“The arts are a form of embodied play that surpasses verbal processing and allows us to explore, connect with ourselves and others, and ultimately build or rebuild the muscles of imagination when life circumstances or the experience of trauma has taken them away.”

Adi Talwar

A student-created work at Bronx Community Charter School.

In May, 19 students were shot to death in Texas in their own classroom and an 11-year-old was killed by a stray bullet in The Bronx. Gun violence is plaguing our city—and our nation—while our students suffer through the impact that trauma can inflict on their young, developing brains.

Fortunately, we have a powerful and underutilized tool right at our fingertips to help our students heal and process the world around them: arts education. That’s why I—a licensed Creative Arts and Registered Drama Therapist—am part of the movement to push New York City to guarantee arts funding student in the city’s budget.

Here’s why: for some students who are prone to mental health challenges or violence due to past life experiences, access to mental health support like arts therapy is a literal matter of life or death. Children who are exposed to traumatic events also often experience an array of after effects that can include emotional distress, difficulty with behavioral and affect regulation, trouble with building and struggles in school and illness. Traumatic stress can impair the development of the brain and nervous system. But students who partake in creative arts—like dancing, drama, creative writing, and painting—are able to rebuild neural pathways that might have been stunned from past trauma.

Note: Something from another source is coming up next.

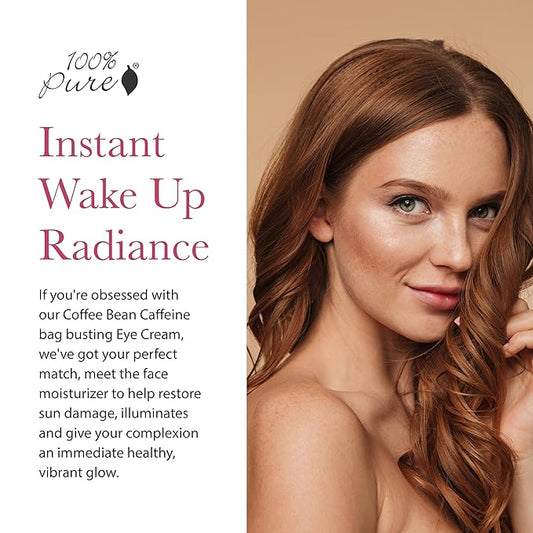 100% PURE Coffee Bean Caffeine Face Cream Glowing Skin Care Anti Aging Youthful Boost Caffeinated Facial Moisturizer with Hyaluronic Acid & Niacinamide for Women & Men - 1.7 fl oz
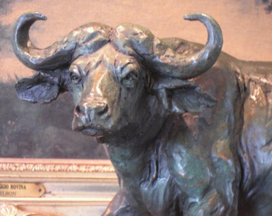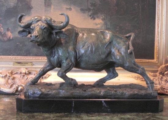 Cape Water Buffalo Bronze Sculpture, After Barye 14"L x 10"H x 14"W32 lbs. This bronze sculpture was produced using the "Lost Wax" casting method. The"Lost Wax" Cast method is the most precise metal casting technique in existence, ensuring exquisite detail of the original host model which is usually sculpted in clay or wax. This "Lost Wax" casting method is an extremely labor intensive and expensive process, but the end results produce a Heirloom Quality Masterpiece!Antoine-louis Barye (1796 - 1875) Originally trained as a goldsmith, Antoine-Louis Barye served in Napoleon's army before studying sculpture and painting. He entered the Ecole des Beaux-Arts in 1818 and adapted the romantic-style subject matter of violent and majestic animals. After his crocodile-like sculpture entitled Tiger Devouring a Gavail, won a medal at the Salon of 1831, Barye became a successful and independent sculptor and painter. His animal sculptures competed at the Salon alongside the more traditional and revered human figures. In 1845, Barye began a foundry that produced smaller and more affordable bronze statues. He was appointed the keeper of plaster casts at the Louvre and professor of zoological drawing at the Musee National d'Histoire Naturelle, both in Paris. Elected to the Academie in 1868, Barye inspired a later generation of animal sculptors who called themselves the animaliers.The Water Buffalo or domestic Asian water buffalo (Bubalus bubalis) is a large bovine animal, frequently used as livestock in Asia, and also widely in South America, southern Europe, north Africa, and elsewhere.In 2000, the United Nations Food and Agriculture Organization estimated that there were approximately 158 million water buffalo in the world and that 97% of them (approximately 153 million animals) were in Asia. There are established feral populations in northern Australia but the dwindling true wild populations are thought to survive in India, Pakistan, Nepal, Bhutan, and Thailand. All the domestic varieties and breeds descend from one common ancestor, the Wild Water Buffalo, which is now an endangered species.Buffalo are used as draft, meat, and dairy animals. Their dung is used as a fertilizer and as a fuel when dried. In Chonburi, Thailand, and in South Malabar Region in Kerala, India, there are annual water buffalo races. A few have also found use as pack animals carrying loads even for special forces.American bison are known as buffalo in parts of North America, but not normally in other usages; bison are more closely related to cattle, gaur, banteng, and yaks than to Asian buffalo. The water buffalo genus includes water buffalo, tamaraw and anoas-all Asian species. The ancestry of the African buffalo is unclear, but it is not believed to be closely related to the water buffalo.

The arts work by integrating both sides of the brain. When we balance verbal and nonverbal processes we can then support neural integration and reduce stress. This is how the creative arts literally changes the make-up of the brain. The arts are a form of embodied play that surpasses verbal processing and allows us to explore, connect with ourselves and others, and ultimately build or rebuild the muscles of imagination when life circumstances or the experience of trauma has taken them away.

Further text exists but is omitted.